Somewhere in the distance, hundreds of leagues away, the Worm—
Linden blinked. A small frown knotted her forehead. Her heart offered up a weak beat.
The creatures continued their guttural invocation—and another bead of water began its interminable demise—and Stave stood in front of her again, clutching her shoulders.
When he repeated her name, she wanted to weep.
A second little splash. A few ripples. In rugs? In marble?
A third rare jewel of water, and a fourth, dropping from perfection into time and ruin. When they struck, they made a pattering sound, delicate and awful.
Oh, God, she thought. Stave. The Worm. The bane.
Ur-viles and Waynhim. Once again, they had come to her rescue when she did not know how to save herself.

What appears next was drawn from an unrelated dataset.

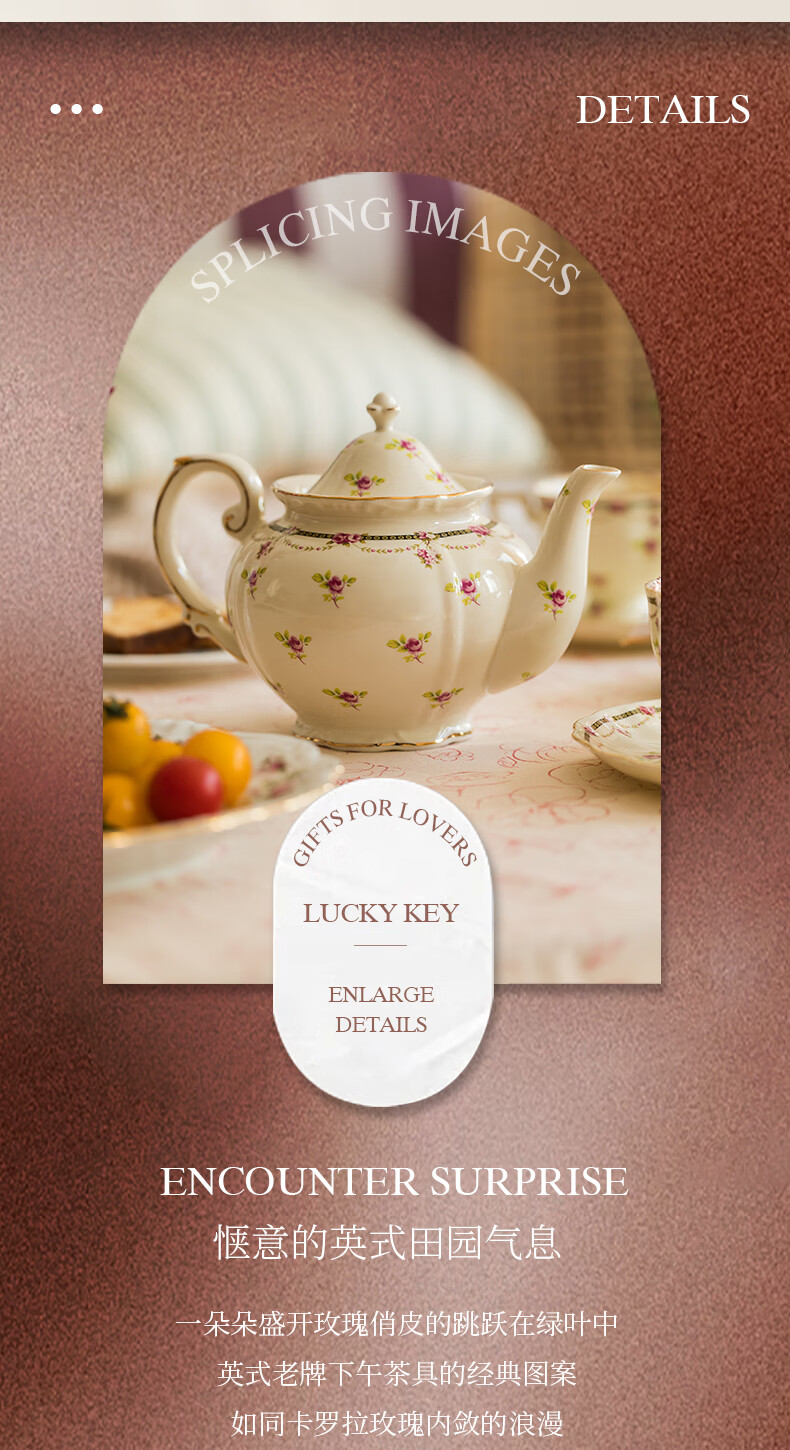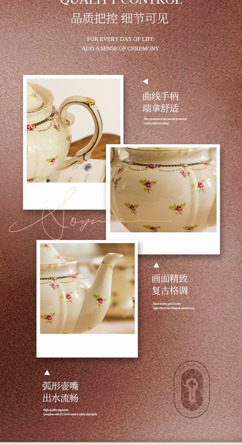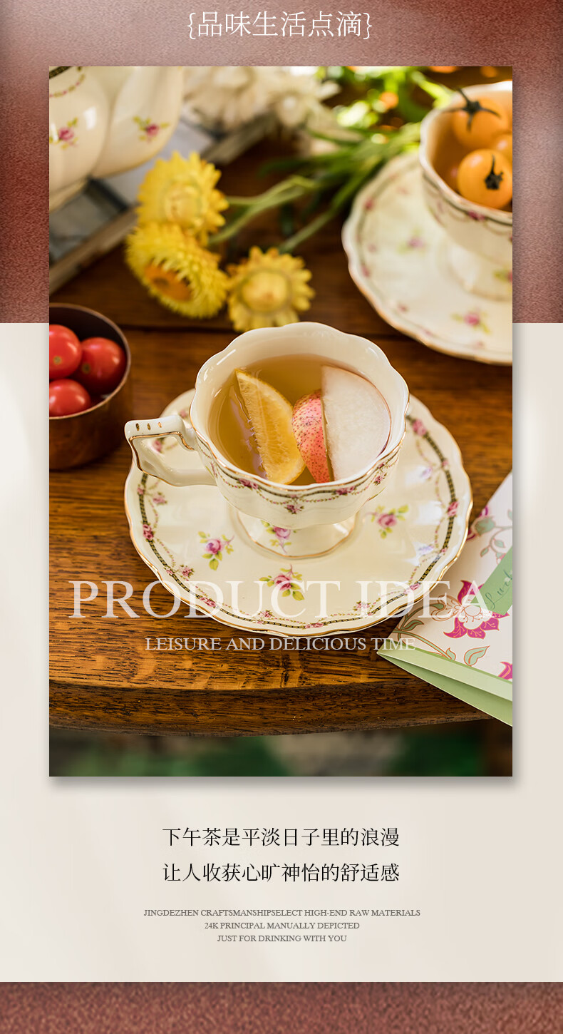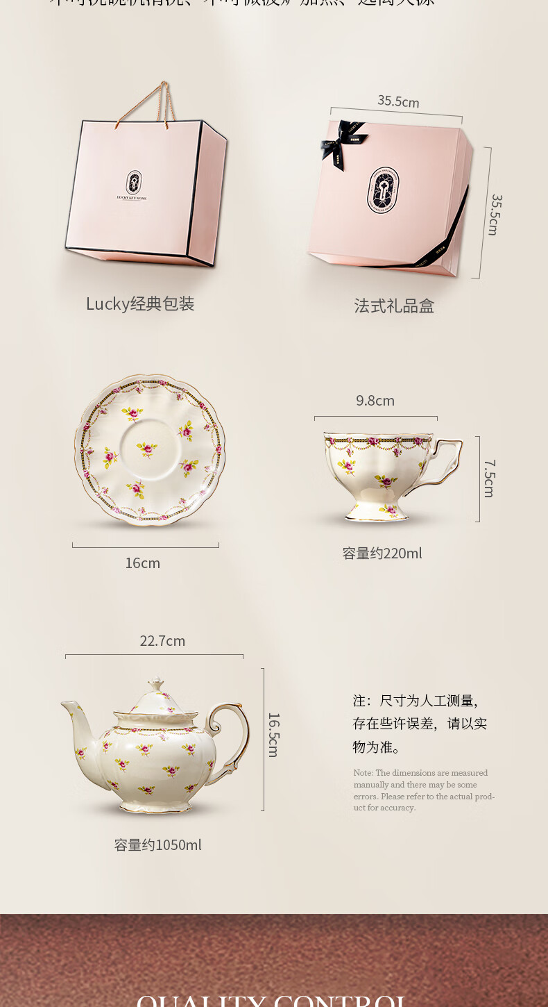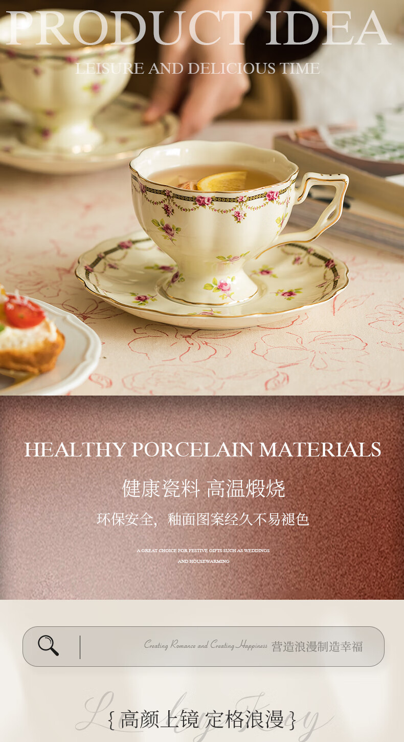 Lucky Key Garland Rose Ceramic Coffee Cup and Saucer Set High-end Afternoon Tea Set Cup Gift Box Housewarming and Wedding Gift Garland Rose-1 Pot 2 Cups and Saucers-Romantic Pink Gift Box
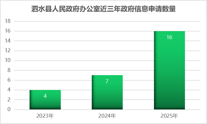 2025年,泗水县人民政府办公室共收到群众政府信息公开申请16件,全部为自然人申请,比去年增加9件,未收取任何费用。申请内容涉及土地征收、政府文件、经济发展、公共卫生等,均依照法规规定在法定期限内予以答复,答复率100%。无因政府信息公开工作被申请行政复议、提起行政诉讼情况。

In this place, rescue was an atrocity. It destroyed a supernal achievement, the triumph of lore which had preserved the palace through the ages. And the effect on Linden was no less cruel. Raindrops brought back memories like devastations. Thoughts were carnage and cataclysm.
Jeremiah. Thomas!
Somehow she reached out to the
Haruchai
. Her voice was softer than the accumulating drip of the fountain. Her eyes should have been full of tears.
“What did you say? About the bane?”
His back straightened. His chin rose proudly. His eye shone.
“She rises, Linden. If you do not call out to Her, She will assail the Timewarden. She will consume your son.”
Damn
it! Linden wished that Stave had hit her. She wanted to pummel herself. She had chosen to face her worst fears. Then she had forgotten all about them. And while she had lost herself among marvels, the Earth’s peril had increased beyond bearing.
She Who Must Not Be Named might take Thomas and Jeremiah.
In a different life, a bullet had struck Linden. A scar over her heart matched the perfect circle in her shirt. There was no going back. Choices made could not be recanted.
Thomas had unforeseeable strengths. He might survive. But mere Law and Earthpower would not suffice to ward Jeremiah.
For Linden’s sake, or for the Earth’s, the ur-viles and Waynhim had disrupted the prolonged theurgies of the Viles; sacrificed their own heritage of splendor. Around the ballroom, a light drizzle fell. The fountain cast a fine mist that gathered into droplets. Drips leaked from the music of the ceiling. Ripples ran down the stairways. Gradually the chandeliers released their lights. Spots of water stippled the woven rugs, the immemorial floor.
No going back. Now or never.
God help me.
Linden delayed only long enough to say to the ur-viles and Waynhim, to the eyeless features of the loremaster, “You keep helping me, no matter how much it costs, and I still don’t know how to repay you.” Then she wheeled away.
Clenching her fists, she raised her face to the leagues of blind stone above the Lost Deep. Rain spattered her cheeks and forehead. Its sheer age stung her eyes. In her mouth, the drops tasted like dust.
As if she had always known what she could do, she invoked her wedding band. She had no more use for despair and recrimination; inadequacy. Only power would serve. Like a woman screaming, she flung a roar of wild magic into Mount Thunder’s gutrock.
“
I’m here!
You lost me once! Come get me now!”
Her theurgy could have torn vast stone to powder; could have brought the weight of the mountain crashing into the caverns of the Lost Deep. But her health-sense was precise. She did not hurl silver against the rock: she tuned it to pass through Mount Thunder’s substance, sharpened it to a pitch that only the bane would be able to hear.